Por Raúl D. Córdoba Arneaud
Casualmente, estos días, la recordé. Casualidad o no, recordé a la Sra. Aura. Una mejicana bastante mayor que tenía un puesto de verduras, frutas y condimentos en el mercado. Un puesto de verduras en el que aconsejaba sobre brebajes para mejorar algún achaque de sus marchantes. Ella era muy amiga de mi abuela Margarita. Era una señora de rostro indígena, manos gruesas y piel cobriza, cabello canoso y peinado en clineja. Gruesa pero de complexión dinámica. Sonrisa selectiva y voz escandalosa. De carácter indoblegable y ceño fruncido. Según mi abuela, cuando se sentía feliz solía meter, en la bolsa de la compra, una guayabita para el camino.
De pequeño, mi abuela me decía que entrara a saludarla, siempre me abrazaba y aún siento ese particular perfume a pimentón con cebollín y comino que tenía. Recuerdo que su puesto era uno de los más coloridos.
Un día se intercambiaron hallacas y tamales.
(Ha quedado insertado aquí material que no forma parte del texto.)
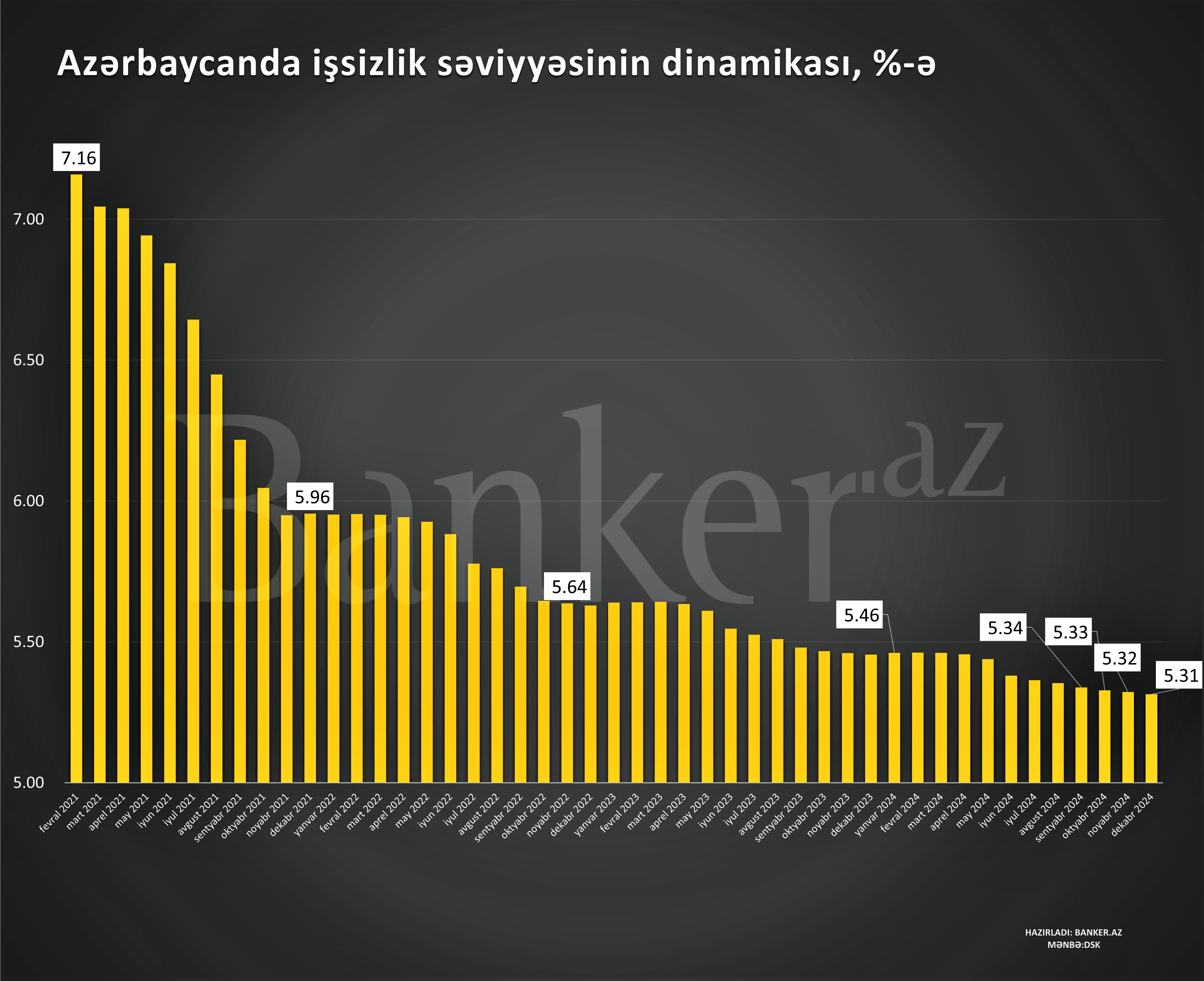 2025-ci il yanvarın 1-nə olan ilkin məlumatlara əsasən, Azərbaycanda işsizlərin sayı 282,3 min nəfər olub. İşsizlik səviyyəsi 2024-cü ilin son ayında yuvarlaq olaraq 5.3 faizdə sabit qalıb. Həmin göstərici artıq 5 aydır ki, bu səviyyədədir. Bununla da işsizlik səviyyəsi son bir ildə 0.14 faiz bəndi azalmış olub. (mənbə)

Creo que hasta las hojas tenían gusto. Eran una armonía de olores que se condensaban en un sabor realmente extraordinario. Recuerdo que la masa era rojiza y el relleno sin escatimar. Parecían hechos con magia. En un frasco nos regaló guacamole. Y nos dijo: Ahí va una parte de mi México lindo, ¿oyó?
Como el más fino de los acordes, confluían el verde del aguacate y el cilantro, con el rojo del tomate y el blanco de las cebollas, juntados en un molcajete que tenía siempre cerca, y que gozaba de un atrayente olor a ajo machacado.
Recuerdo que cuando volvimos a verla, la semana siguiente, nos preguntó: ¿les gustó mi México? No dijimos nada, pues nuestras caras lo dijeron todo. Ese día sentía ganas de tener los brazos más largos para poder rodearla en un gran abrazo. Aun así me abrazó y me regaló una guayaba.
Estamos unidos en oración, por México, por Puerto Rico, por Venezuela, por el mundo.